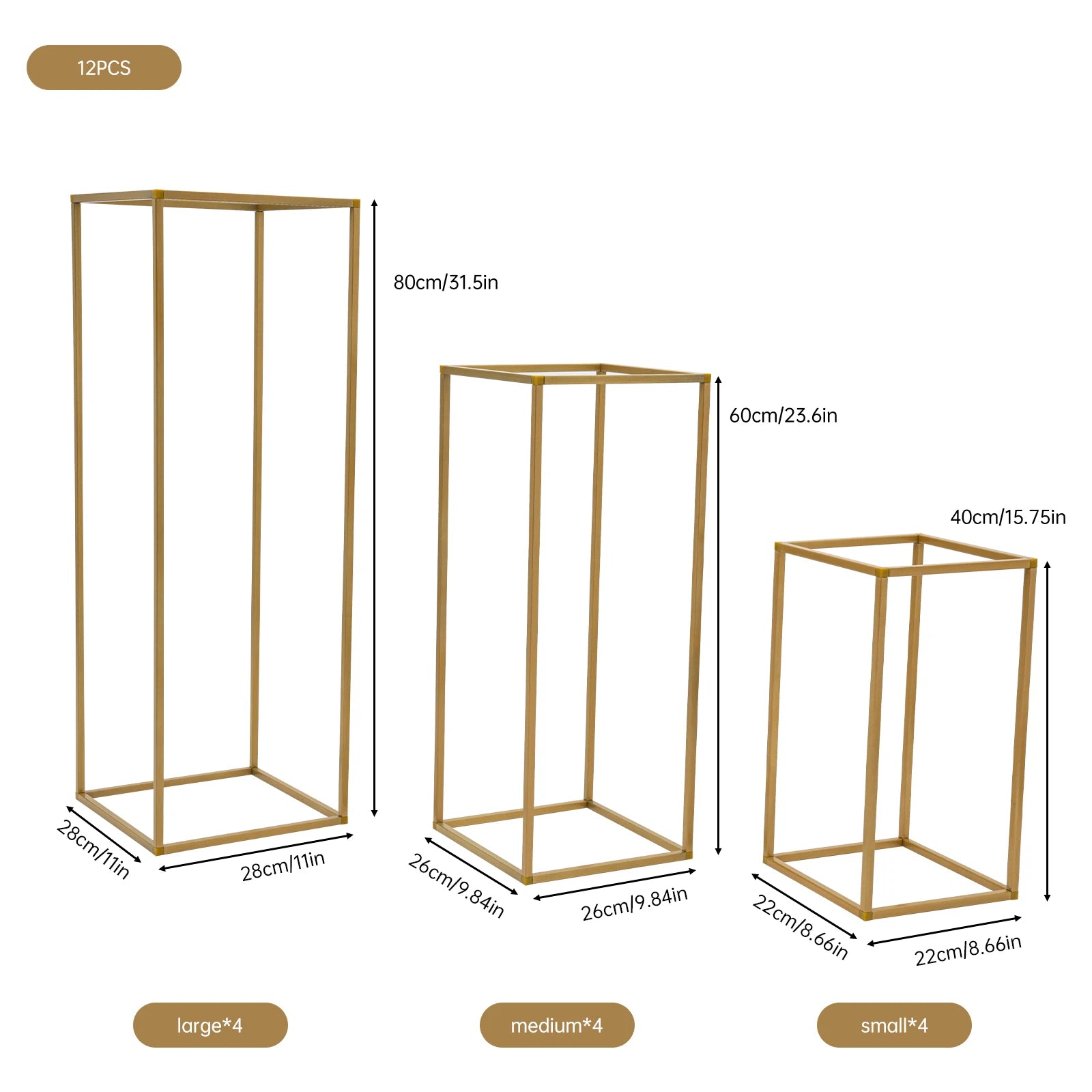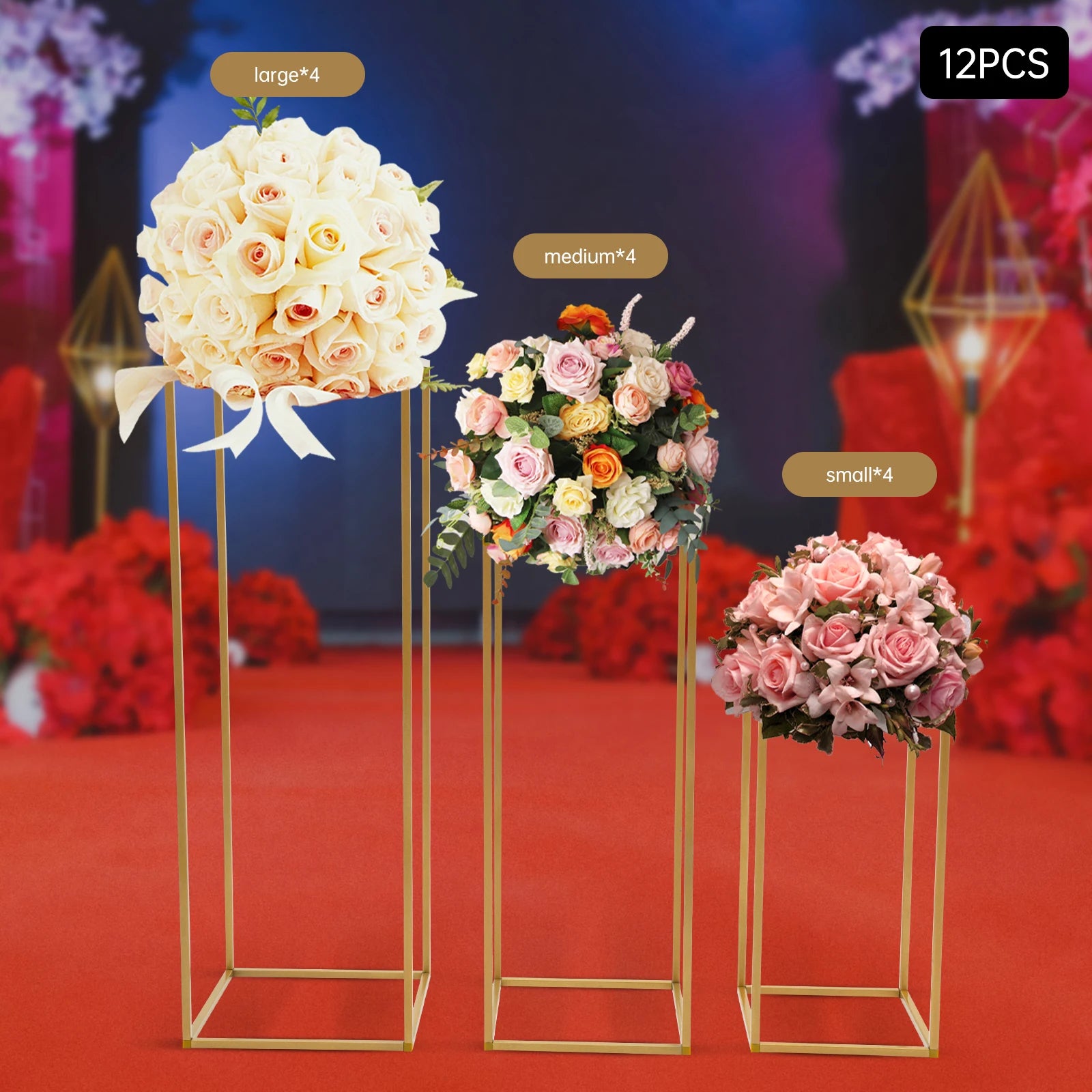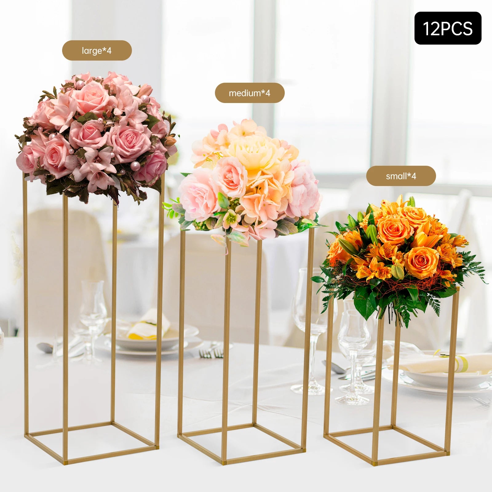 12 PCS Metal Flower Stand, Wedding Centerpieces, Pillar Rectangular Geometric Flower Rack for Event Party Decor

________________________

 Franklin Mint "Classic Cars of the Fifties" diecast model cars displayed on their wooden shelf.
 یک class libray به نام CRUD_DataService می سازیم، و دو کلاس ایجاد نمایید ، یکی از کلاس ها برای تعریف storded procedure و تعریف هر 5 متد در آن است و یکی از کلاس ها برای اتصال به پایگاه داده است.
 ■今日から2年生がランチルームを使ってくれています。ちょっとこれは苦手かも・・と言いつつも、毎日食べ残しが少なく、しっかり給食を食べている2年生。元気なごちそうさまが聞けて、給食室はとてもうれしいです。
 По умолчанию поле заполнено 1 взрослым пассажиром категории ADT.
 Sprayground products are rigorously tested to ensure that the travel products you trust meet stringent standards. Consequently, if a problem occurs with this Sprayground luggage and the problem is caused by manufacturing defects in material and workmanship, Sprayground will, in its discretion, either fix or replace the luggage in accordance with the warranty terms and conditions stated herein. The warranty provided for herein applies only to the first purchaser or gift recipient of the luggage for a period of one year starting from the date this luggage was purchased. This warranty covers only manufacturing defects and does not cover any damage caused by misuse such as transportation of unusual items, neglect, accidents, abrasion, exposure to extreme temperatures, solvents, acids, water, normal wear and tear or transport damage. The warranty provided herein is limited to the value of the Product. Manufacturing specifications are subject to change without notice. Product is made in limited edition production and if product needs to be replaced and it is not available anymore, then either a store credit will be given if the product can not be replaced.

________________________

:: The problem ::
Here the output must be the lines above from the line with "یک class libray" to the line with "Sprayground products are", both included, duplicated word for word and nothing else.

:: Solution to this exercise ::
 یک class libray به نام CRUD_DataService می سازیم، و دو کلاس ایجاد نمایید ، یکی از کلاس ها برای تعریف storded procedure و تعریف هر 5 متد در آن است و یکی از کلاس ها برای اتصال به پایگاه داده است.
 ■今日から2年生がランチルームを使ってくれています。ちょっとこれは苦手かも・・と言いつつも、毎日食べ残しが少なく、しっかり給食を食べている2年生。元気なごちそうさまが聞けて、給食室はとてもうれしいです。
 По умолчанию поле заполнено 1 взрослым пассажиром категории ADT.
 Sprayground products are rigorously tested to ensure that the travel products you trust meet stringent standards. Consequently, if a problem occurs with this Sprayground luggage and the problem is caused by manufacturing defects in material and workmanship, Sprayground will, in its discretion, either fix or replace the luggage in accordance with the warranty terms and conditions stated herein. The warranty provided for herein applies only to the first purchaser or gift recipient of the luggage for a period of one year starting from the date this luggage was purchased. This warranty covers only manufacturing defects and does not cover any damage caused by misuse such as transportation of unusual items, neglect, accidents, abrasion, exposure to extreme temperatures, solvents, acids, water, normal wear and tear or transport damage. The warranty provided herein is limited to the value of the Product. Manufacturing specifications are subject to change without notice. Product is made in limited edition production and if product needs to be replaced and it is not available anymore, then either a store credit will be given if the product can not be replaced.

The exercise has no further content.